■ Action item
What is printed must match, line for line, the records from their first line through the line containing "Global Reports", with pictures left out.

■ Records to process
####
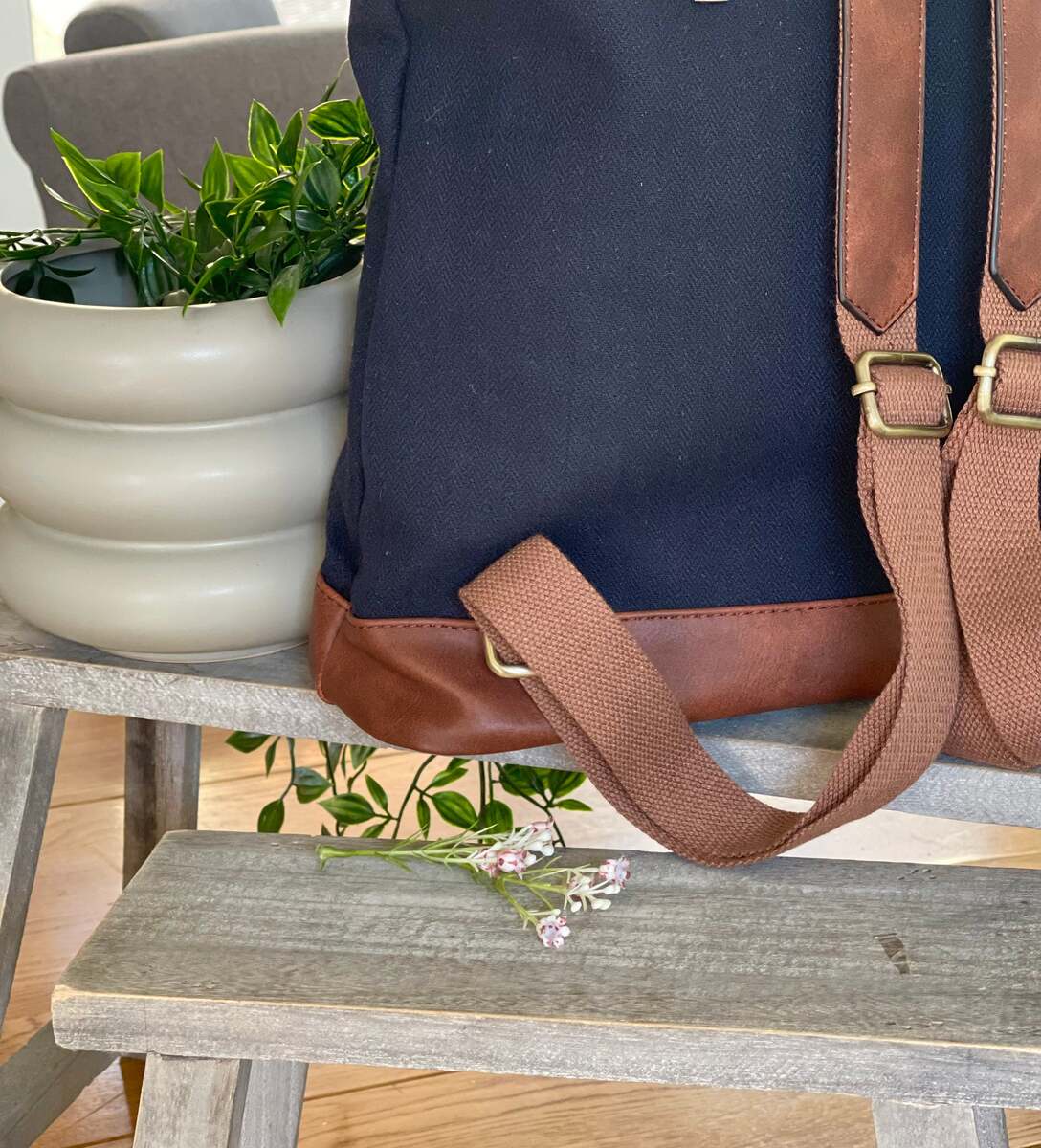 - Navy Herringbone Rucksack/Backpack
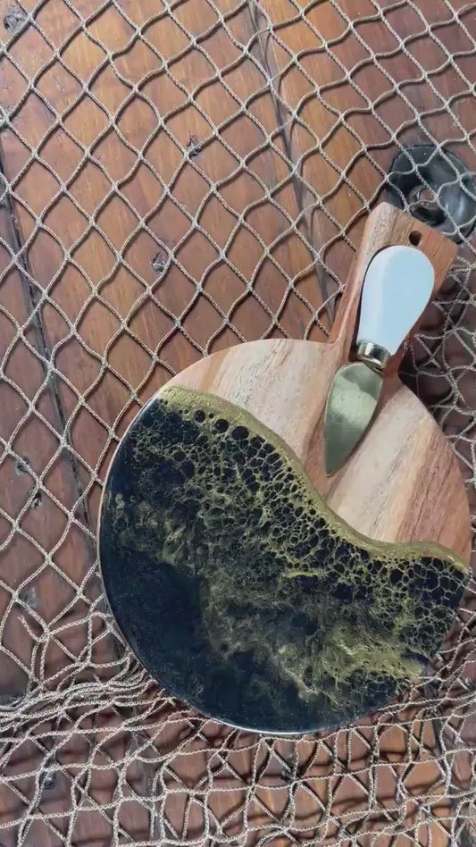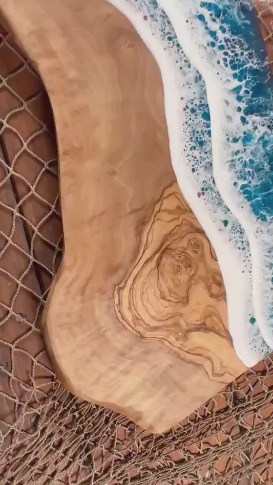 Olive Wood with Turqoise and Blue Epoxy Resin Charcuterie Board, serving board
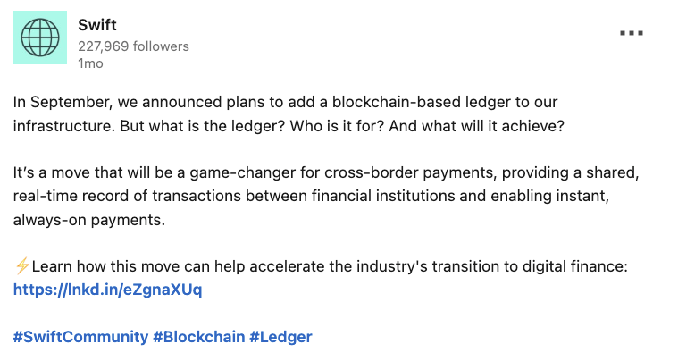 SWIFT había anunciado sus planes de "añadir un libro mayor basado en blockchain a su infraestructura" en septiembre de 2025.
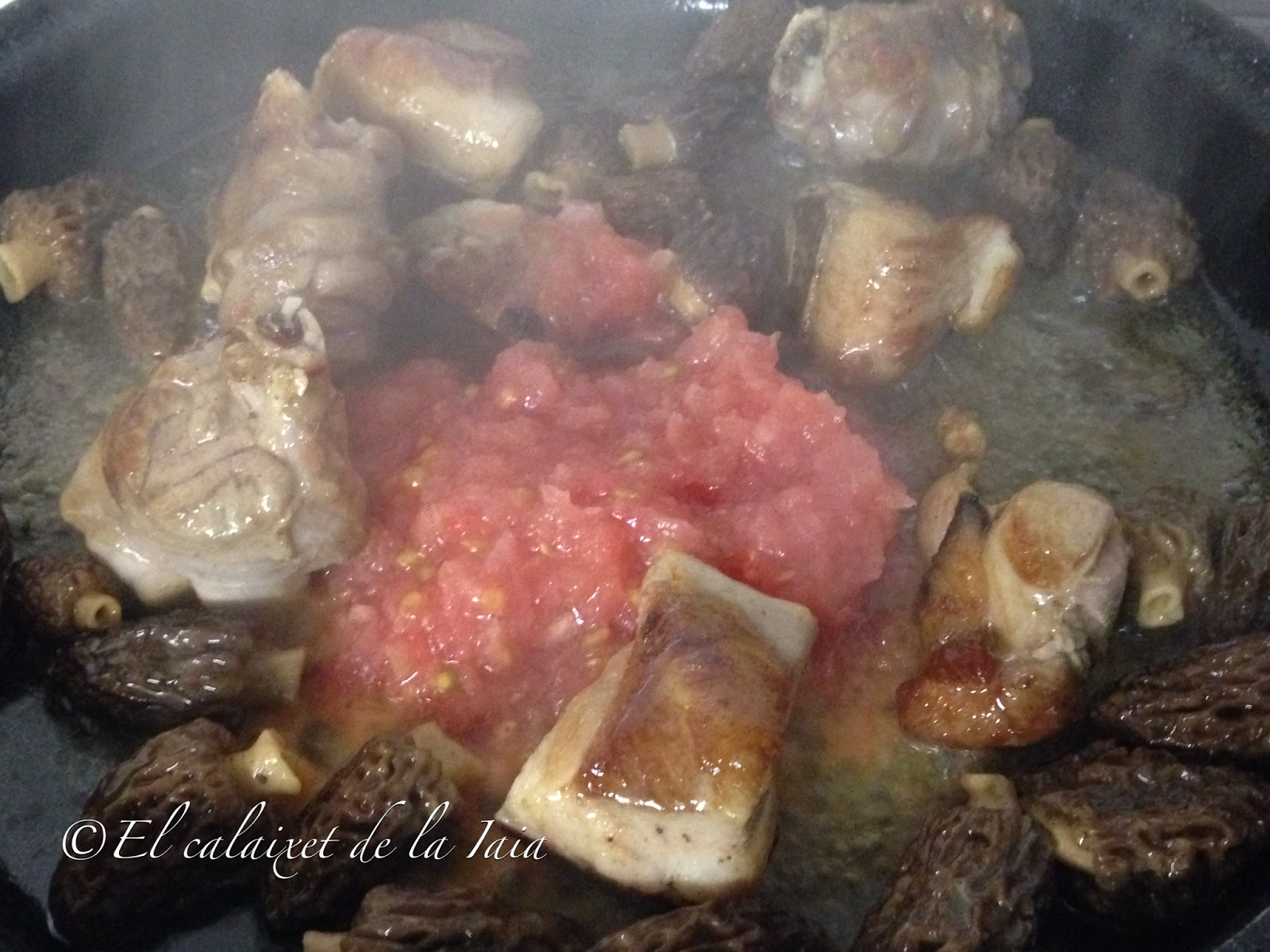 En éste caso, tenía una garreta y unos trozos de pecho de cordero en el congelador (aquí no hay tienda ni comercio alguno y hemos tirar de arcón congelador siempre) y se me ha ocurrido ésta receta para dos, que se podría hacer con cualquier clase de setas, incluso con champiñones cultivados, aunque os recomiendo ésta seta, que como es cara aún, no es necesario gastar mucho, con poquitas es suficiente y dejan un excelente sabor, ya que la colmenilla es una auténtica delicatessen.
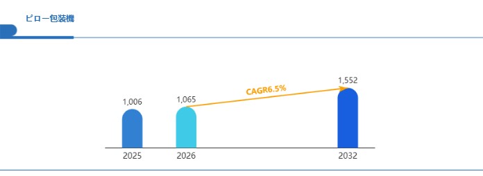 Global Reports調査チームの最新レポート「グローバルピロー包装機市場規模、主要企業シェア、ランキング分析レポート【2026年版】」によると、2026年の1065百万米ドルから2032年には1552百万米ドルに成長し、2026年から2032年の間にCAGRは6.5%になると予測されています。
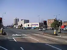Because Stretford is situated on the main A56 road between Chester and Manchester many travellers passed through the village, and as this traffic increased, more inns were built to provide travellers with stopping places. One of the earliest forms of public transport through Stretford was the stagecoach; the Angel Hotel, on the present day site of what used to be the Bass Drum public house,[33] was one of the main stopping places for stagecoaches in Stretford, and the Trafford Arms was another.[34] Horse-drawn omnibuses replaced the stagecoach service through Stretford in 1845.[35] The Manchester Carriage Company's tramway from Manchester to Stretford was built in 1879, terminating at the Old Cock Hotel on the A56 road, next to which a small depot was built to house the cars and horses.[36] A 1900 timetable shows that trams left for Manchester every 10 minutes between 8:00 am and 10:15 pm.[37] The horse-drawn trams were replaced with electric trams in 1902,[38] and after the Second World War the trams were replaced by buses.[39]
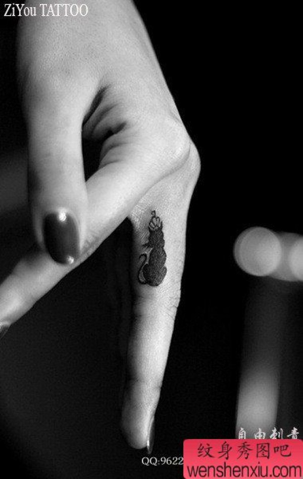 手指可爱小巧的猫咪纹身图案
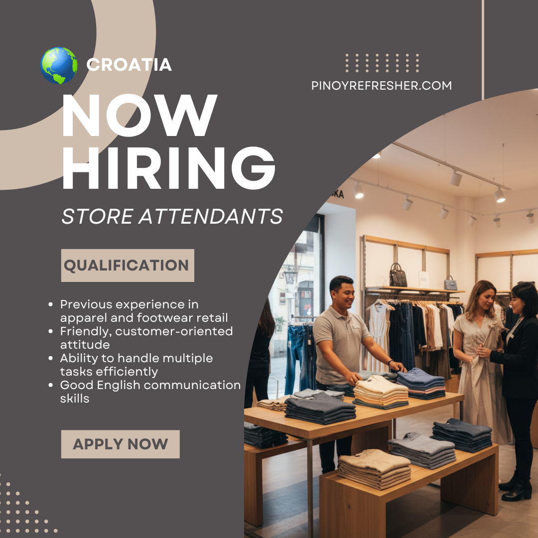 Are you passionate about fashion and customer service? Do you have experience in apparel and footwear retail? Premier Global Recruitment is now hiring Store Attendants for employment opportunities in Croatia. This is an excellent chance to work abroad, gain international experience, and enjoy a rewarding career in the retail industry — all with a transparent process and no placement fees.
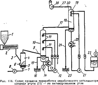 Предварительно обработанный катализатор поступает в трубу 6 и по ней в реактор хлорирования 12, в который по линии 11 подается хлор и которая подогревается нагревательным устройством 13. В реактор десорбции 7 по линии 8 подается кислород или воздух, а по линии 9 азот; скорость подачи газов контролируется расходомером 10. Реактор 7 соединен с конденсатором 14, который имеет выгружающее устройство для вывода сконденсировавшегося HgCl2. Для удаления остаточного HgCla имеется скруббер 16 с циркулирующим раствором соляной кислоты 17. Азот выводится из скруббера 16 с помощью насоса 18, который рециркулирует разбавленный раствор щелочи 19, и удаляется из системы вентилятором 20.
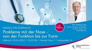 Mehr erfahren zu: "„Medizin für Jedermann“: Vanille schmeckt man durch die Nase" „Medizin für Jedermann“: Vanille schmeckt man durch die Nase HNO-Klinikdirektor Prof. Andreas Dietz spricht am 5. April zum Thema „Probleme mit der Nase – von der Funktion bis zur Form“. Nach langer Corona-Pause findet die Veranstaltung erstmals wieder vor […]
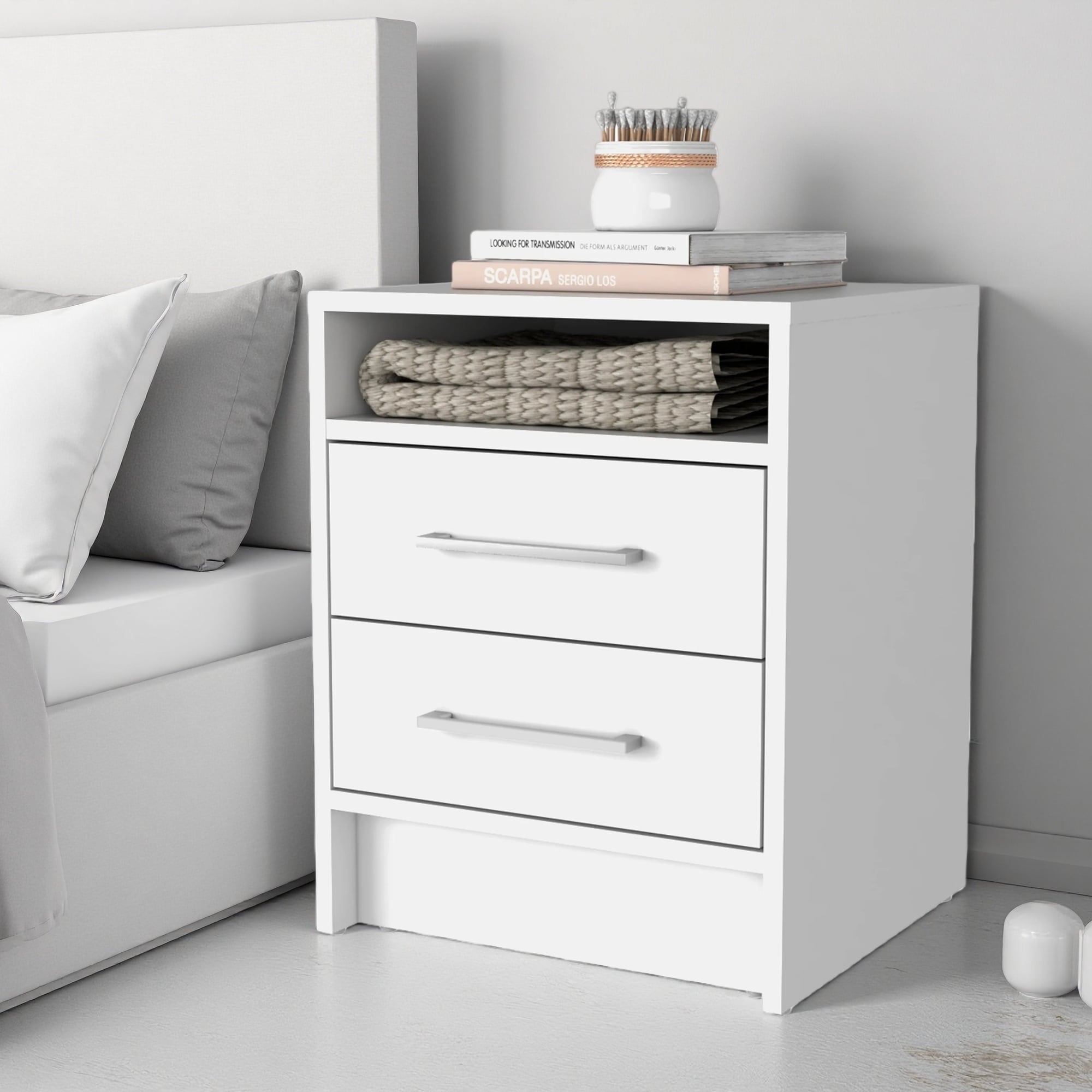 Rectangle Nightstand, Bedside Storage Cabinet with 2 Drawers, Sofa Side Table with Open Shelf, Decorative Table
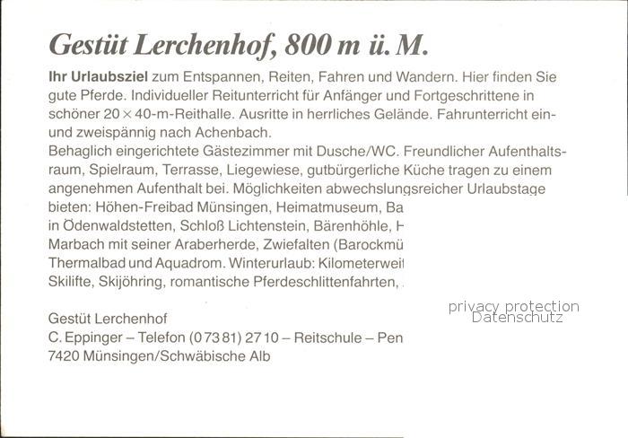 72312496 Muensingen Gestuet Lerchenhof Fliegeraufnahme postalisch nicht gelaufen Werbekarte (keine Postkarte) Erhaltung siehe scans KatCode: 11110008415053
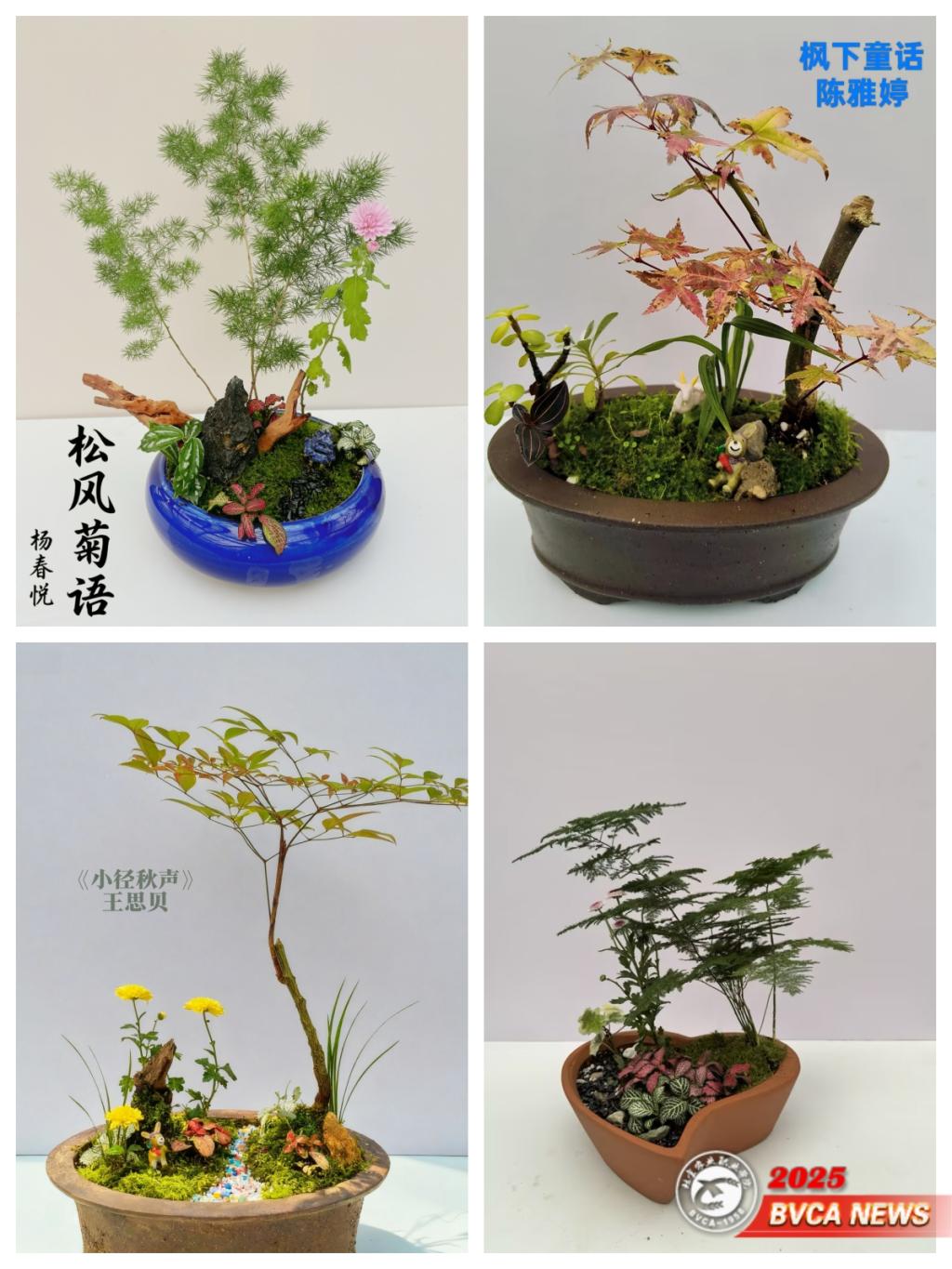 本次成果展的作品源自園林系劉旭富老師《花卉與生產(chǎn)應(yīng)用技術(shù)》課程的教學(xué)成果,以及創(chuàng)業(yè)學(xué)生小組的創(chuàng)新實(shí)踐。以菊花、米竹、南天竹、觀賞石、菖蒲等自然素材,融入中國(guó)傳統(tǒng)插花、盆景藝術(shù)手法,充分展現(xiàn)了學(xué)生們?cè)谡?、修剪、造型等環(huán)節(jié)的想象力和創(chuàng)造力。學(xué)生創(chuàng)業(yè)小組同步組織了插花體驗(yàn)及菊花征名活動(dòng)。
####
■ Reply to the exercise
 - Navy Herringbone Rucksack/Backpack
 Olive Wood with Turqoise and Blue Epoxy Resin Charcuterie Board, serving board
 SWIFT había anunciado sus planes de "añadir un libro mayor basado en blockchain a su infraestructura" en septiembre de 2025.
 En éste caso, tenía una garreta y unos trozos de pecho de cordero en el congelador (aquí no hay tienda ni comercio alguno y hemos tirar de arcón congelador siempre) y se me ha ocurrido ésta receta para dos, que se podría hacer con cualquier clase de setas, incluso con champiñones cultivados, aunque os recomiendo ésta seta, que como es cara aún, no es necesario gastar mucho, con poquitas es suficiente y dejan un excelente sabor, ya que la colmenilla es una auténtica delicatessen.
 Global Reports調査チームの最新レポート「グローバルピロー包装機市場規模、主要企業シェア、ランキング分析レポート【2026年版】」によると、2026年の1065百万米ドルから2032年には1552百万米ドルに成長し、2026年から2032年の間にCAGRは6.5%になると予測されています。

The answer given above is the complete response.